Il eut le sentiment d'être englué sur cette plage et se releva pour marcher. Ses pas le ramenèrent à sa voiture et sa voiture sur l'autoroute. Il ne savait pas où il allait mais eut envie de faire une pointe de vitesse. La Mercedes roulait bien et il dépassa rapidement le cent-cinquante. Il avalait les kilomètres et doublait tout ce qui se trouvait devant lui. Il ressentit une griserie de toute puissance l'envahir et se sentit possédé par un autre Pierre qui cherchait de temps en temps à resurgir et qu'il pensait avoir maîtrisé. Subitement il vit des véhicules venant en sens inverse qui lui faisaient des appels de phares. Il avait à peine eu le temps de ralentir pour redescendre à une vitesse normale qu'il passa devant un radar.
« Heureusement, pensa-t-il ; ce n'est pas vraiment le jour de collectionner les ennuis. Il fit demi-tour et ne sachant où aller décida de retourner dans la villa de Nice.
Il se mit à haïr les dimanches où tout était fermé de ce qui peut être fonctionnel. Seuls étaient ouverts les lieux de loisir comme les restaurants, les cinémas, les bars. Mais pour lui qui attendait après un imprimeur, un journaliste, une gendarmerie, le dimanche était une journée morte et inutile. Il réessaya de téléphoner à Isabelle, mais cela ne donnait toujours rien. Il se rendait compte qu'il n'y aurait aucune piste de ce côté là, qu'il ne serait pas possible de localiser sa femme grâce au téléphone. Que pouvait elle devenir maintenant ? La question repassait sans cesse dans son esprit et il était incapable de choisir une réponse. Il eut envie de retourner voir le psychothérapeute qui l'avait aidé trois ans auparavant, mais c'était impossible, tout au moins comme une satisfaction immédiate, car celui-ci était installé à Paris. En fait, Pierre se rendit compte qu'il avait besoin d'un refuge, d'une protection, d'un lien à quelque chose et que par dessus tout il ne supportait pas la solitude. Soudain il eut une inspiration, comme un grand souffle qui entrait en lui, et il téléphona à Madeleine Restoux.

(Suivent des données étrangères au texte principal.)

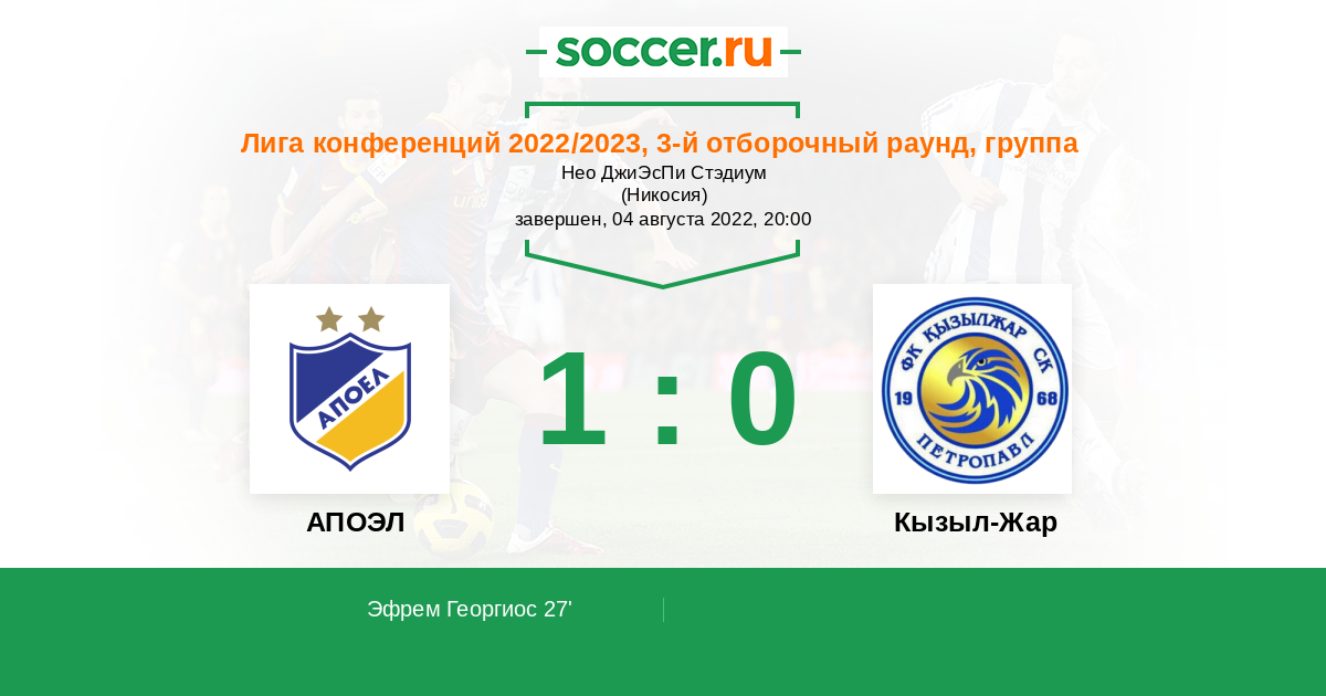 Протокол матча АПОЭЛ против Кызыл-Жар

« C'est Pierre Meunier, s'annonça-t-il lorsqu'elle décrocha. Il y a quelque chose que j'ai oublié de vous demander tout à l'heure et que je voudrais savoir, quelle est votre profession, si vous en avez une ?
Elle fit un étrange petit bruit de gorge qui lui fit comprendre qu'elle était amusée.

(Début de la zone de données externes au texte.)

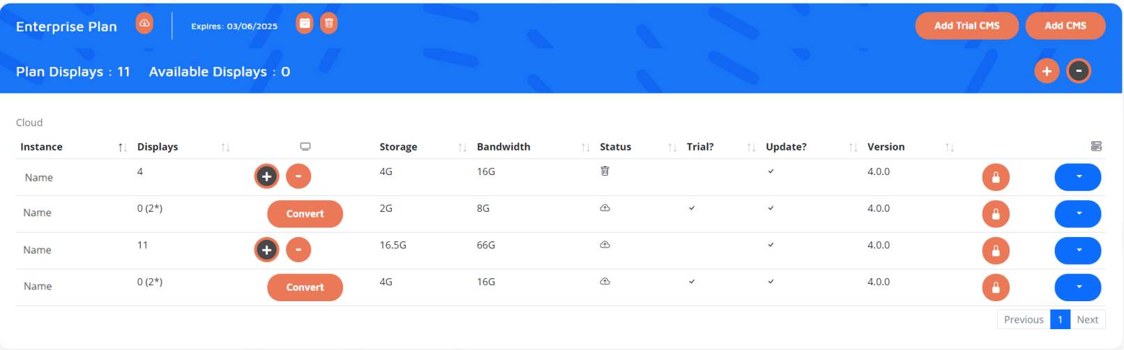 We limit the number of Displays that can be authorised on the CMS, the size of the CMS library, and the total amount of bandwidth that can be consumed based upon what you have purchased. You can change these limits by purchasing more bandwidth/storage from My Account at anytime.

« C'est drôle que vous me demandiez cela, répondit elle ; Est ce que c'est important ?
« Important non, répondit Pierre, mais tout à l'heure quand je suis parti je me suis reproché de ne pas vous avoir posé cette question. En fait tout le monde s'identifie plus ou moins à son activité professionnelle et à part leur vie privée et intime sur laquelle les gens se taisent généralement, leur métier est souvent le sujet sur lequel ils ont le plus de choses à dire et qui leur tient le plus à cœur.
« Et que pensez vous des gens qui ne travaillent pas ? Demanda Madeleine Restoux ; ont-ils grâce à vos yeux ?
« Bien sûr répondit Pierre, mais il faut de l'argent pour vivre et comme vous ne m'avez pas l'air extrêmement riche et que d'autre part vous m'avez dit que vous étiez divorcée, j'en conclu que vous travaillez.
« Vous avez raison, dit elle. Je travaille, mais seulement quand ça m'arrange et pas à longueur de semaine. Disons que je suis un peu paresseuse, seulement un tout petit peu. En fait je suis juste assez paresseuse pour ne pas travailler soixante heures par semaine. Mais de toutes façons, je pourrai bien travailler deux fois plus, cela ne me rapporterait rien en termes d'argent. Vous avez raison de dire que je ne suis pas extrêmement riche.
Pierre n'était pas plus avancé par ce langage sibyllin.
« Ça doit être un drôle de métier que vous faites, s'il ne paye pas votre travail! Dit-il.
« Vous pouvez le dire que c'est un drôle de métier dit la jeune femme. Mais il arrive quand même que ça rapporte un peu, de temps en temps. En fait je suis artiste peintre ; alors je gagne de l'argent quand je fais des expositions et que je vend des tableaux.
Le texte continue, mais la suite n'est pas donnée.